ACTIVITY: Could you reproduce every record below exactly, excluding all pictures?

(MATERIAL FOR THE TASK Opens)

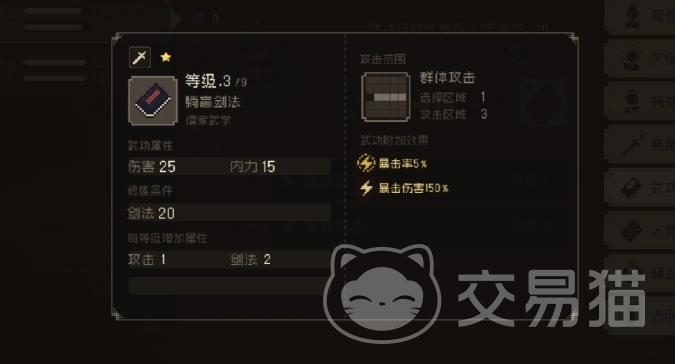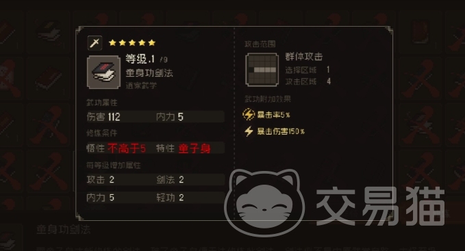 若玩家有志于走剑法流派,那么保证自身具备童子身这一特性就很重要,而且悟性不能高于五点,在满足这些条件的情况下,玩家可以学习童子功剑法,这乃是游戏中基础伤害倍率最为可观的一种剑法,它能够帮助玩家获取高达112点的基础伤害数值,同时还能增加五点的内力,每当该剑法提升一级,分别可以为玩家提升两点攻击力、两点剑法数值、五点内力数值以及两点轻功数值,全方位地强化玩家的战斗能力与角色属性。
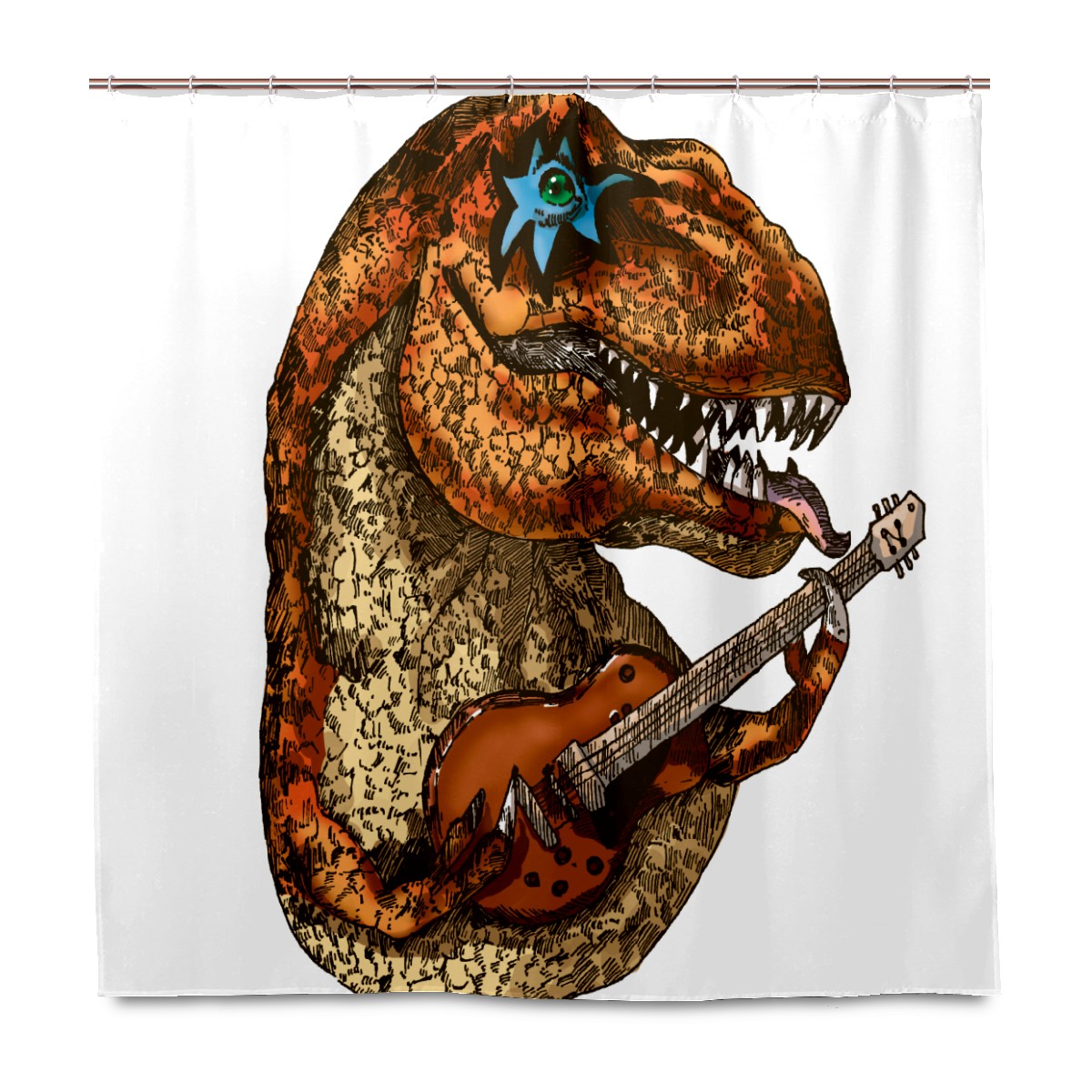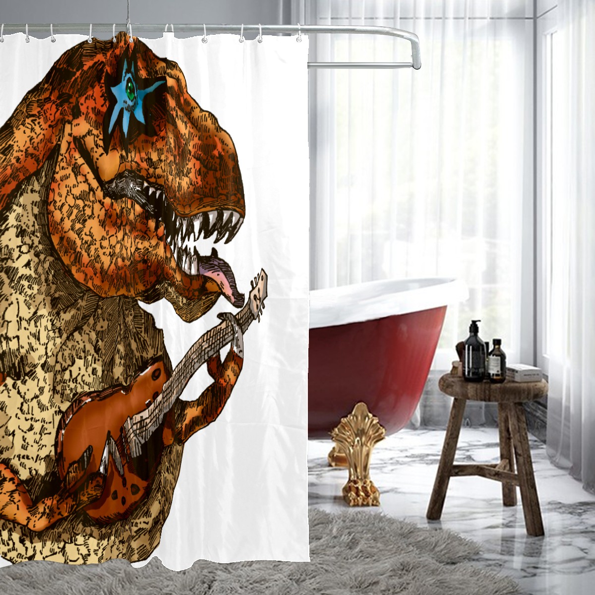 Bathroom Shower Curtain with 12 Hooks Dinosaur Playing Guitar Decorative Bath Curtain Durable Waterproof Fabric Bathroom Curtain 60x72 inch
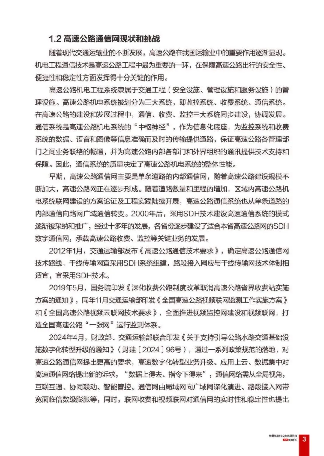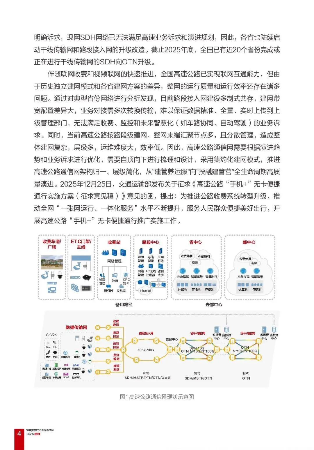 通信网现状与问题:高速公路通信网历经 PDH、SDH、OTN 阶段,现网以 SDH 为主,已无法适配新需求,存在多制式共存、带宽不足、业务传输转换繁琐、运维难度大等问题,且车路协同、自动驾驶等智慧业务对带宽、时延、可靠性的诉求,倒逼通信网向新一代技术演进。
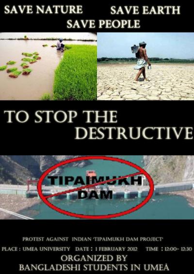সুইডেনের উমিয়া বিশ্ববিদ্যালয়ের বন্ধুরা আগামীকাল টিপাইমুখ বাঁধের বিরুদ্ধে মানব বন্ধন করবে, তাঁদের জন্য শুভ কামনা
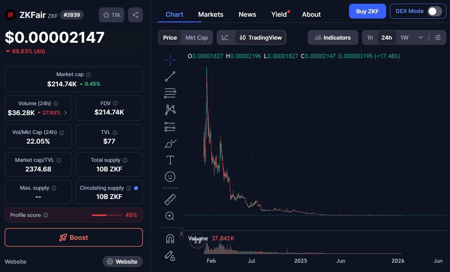 The $ZKF token has been completely milked: from $250M FDV two years ago to around $200k FDV now (-99.9%).

(MATERIAL FOR THE TASK Closes)

TASK RESULT:
 若玩家有志于走剑法流派,那么保证自身具备童子身这一特性就很重要,而且悟性不能高于五点,在满足这些条件的情况下,玩家可以学习童子功剑法,这乃是游戏中基础伤害倍率最为可观的一种剑法,它能够帮助玩家获取高达112点的基础伤害数值,同时还能增加五点的内力,每当该剑法提升一级,分别可以为玩家提升两点攻击力、两点剑法数值、五点内力数值以及两点轻功数值,全方位地强化玩家的战斗能力与角色属性。
 Bathroom Shower Curtain with 12 Hooks Dinosaur Playing Guitar Decorative Bath Curtain Durable Waterproof Fabric Bathroom Curtain 60x72 inch
 通信网现状与问题:高速公路通信网历经 PDH、SDH、OTN 阶段,现网以 SDH 为主,已无法适配新需求,存在多制式共存、带宽不足、业务传输转换繁琐、运维难度大等问题,且车路协同、自动驾驶等智慧业务对带宽、时延、可靠性的诉求,倒逼通信网向新一代技术演进。
সুইডেনের উমিয়া বিশ্ববিদ্যালয়ের বন্ধুরা আগামীকাল টিপাইমুখ বাঁধের বিরুদ্ধে মানব বন্ধন করবে, তাঁদের জন্য শুভ কামনা
 The $ZKF token has been completely milked: from $250M FDV two years ago to around $200k FDV now (-99.9%).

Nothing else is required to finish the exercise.